═══ Exercise data ═══

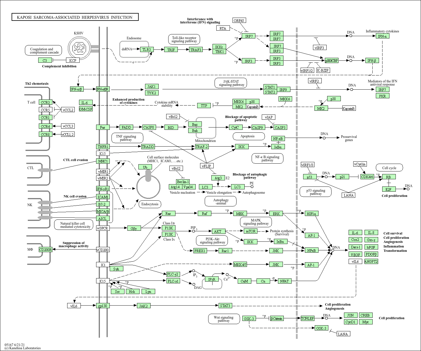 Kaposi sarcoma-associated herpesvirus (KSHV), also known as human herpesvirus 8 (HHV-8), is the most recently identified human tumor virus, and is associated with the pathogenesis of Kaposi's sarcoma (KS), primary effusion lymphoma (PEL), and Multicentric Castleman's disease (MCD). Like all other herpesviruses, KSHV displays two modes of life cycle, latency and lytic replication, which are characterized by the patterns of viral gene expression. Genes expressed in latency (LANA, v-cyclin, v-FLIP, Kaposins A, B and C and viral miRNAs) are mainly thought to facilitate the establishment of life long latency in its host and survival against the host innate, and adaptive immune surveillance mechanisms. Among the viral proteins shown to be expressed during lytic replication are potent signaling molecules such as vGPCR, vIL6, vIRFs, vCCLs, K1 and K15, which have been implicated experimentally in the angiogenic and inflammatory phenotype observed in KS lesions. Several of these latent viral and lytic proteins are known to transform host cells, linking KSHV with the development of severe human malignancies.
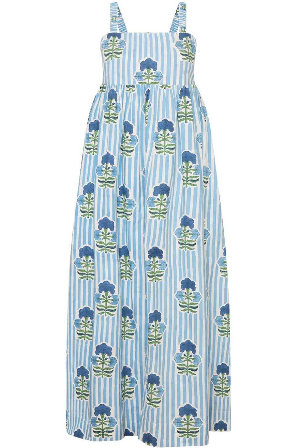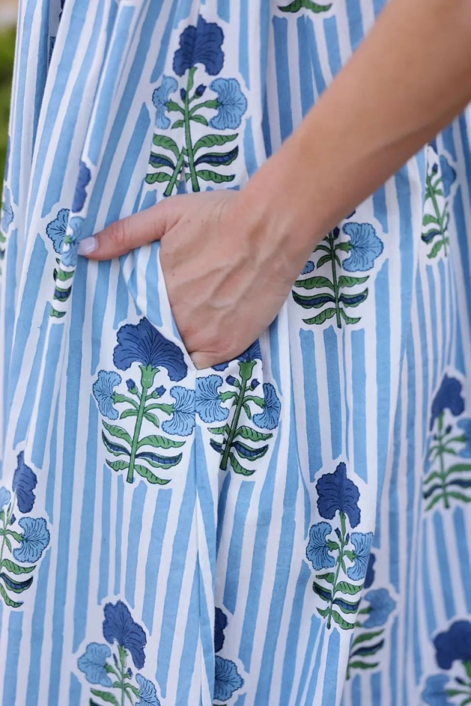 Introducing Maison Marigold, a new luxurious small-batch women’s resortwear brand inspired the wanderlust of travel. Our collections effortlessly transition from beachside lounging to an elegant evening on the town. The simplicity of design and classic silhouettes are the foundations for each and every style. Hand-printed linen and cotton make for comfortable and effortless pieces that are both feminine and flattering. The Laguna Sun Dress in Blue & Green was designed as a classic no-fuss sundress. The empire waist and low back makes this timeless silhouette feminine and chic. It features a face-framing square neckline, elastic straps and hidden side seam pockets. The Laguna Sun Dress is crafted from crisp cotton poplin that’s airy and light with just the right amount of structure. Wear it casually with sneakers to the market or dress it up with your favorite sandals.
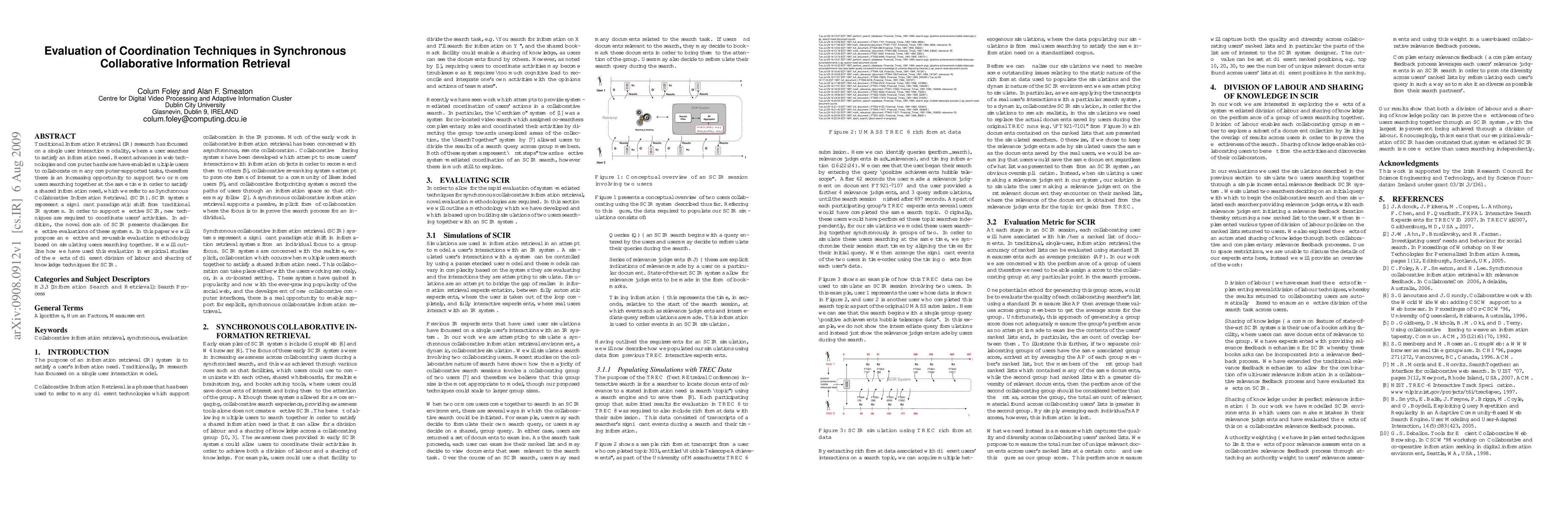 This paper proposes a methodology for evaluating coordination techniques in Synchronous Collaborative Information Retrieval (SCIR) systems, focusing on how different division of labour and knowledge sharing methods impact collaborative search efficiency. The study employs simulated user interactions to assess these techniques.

═══

# Problem
Retype word for word all the material given above, and keep the pictures out.

# Answer space
 Kaposi sarcoma-associated herpesvirus (KSHV), also known as human herpesvirus 8 (HHV-8), is the most recently identified human tumor virus, and is associated with the pathogenesis of Kaposi's sarcoma (KS), primary effusion lymphoma (PEL), and Multicentric Castleman's disease (MCD). Like all other herpesviruses, KSHV displays two modes of life cycle, latency and lytic replication, which are characterized by the patterns of viral gene expression. Genes expressed in latency (LANA, v-cyclin, v-FLIP, Kaposins A, B and C and viral miRNAs) are mainly thought to facilitate the establishment of life long latency in its host and survival against the host innate, and adaptive immune surveillance mechanisms. Among the viral proteins shown to be expressed during lytic replication are potent signaling molecules such as vGPCR, vIL6, vIRFs, vCCLs, K1 and K15, which have been implicated experimentally in the angiogenic and inflammatory phenotype observed in KS lesions. Several of these latent viral and lytic proteins are known to transform host cells, linking KSHV with the development of severe human malignancies.
 Introducing Maison Marigold, a new luxurious small-batch women’s resortwear brand inspired the wanderlust of travel. Our collections effortlessly transition from beachside lounging to an elegant evening on the town. The simplicity of design and classic silhouettes are the foundations for each and every style. Hand-printed linen and cotton make for comfortable and effortless pieces that are both feminine and flattering. The Laguna Sun Dress in Blue & Green was designed as a classic no-fuss sundress. The empire waist and low back makes this timeless silhouette feminine and chic. It features a face-framing square neckline, elastic straps and hidden side seam pockets. The Laguna Sun Dress is crafted from crisp cotton poplin that’s airy and light with just the right amount of structure. Wear it casually with sneakers to the market or dress it up with your favorite sandals.
 This paper proposes a methodology for evaluating coordination techniques in Synchronous Collaborative Information Retrieval (SCIR) systems, focusing on how different division of labour and knowledge sharing methods impact collaborative search efficiency. The study employs simulated user interactions to assess these techniques.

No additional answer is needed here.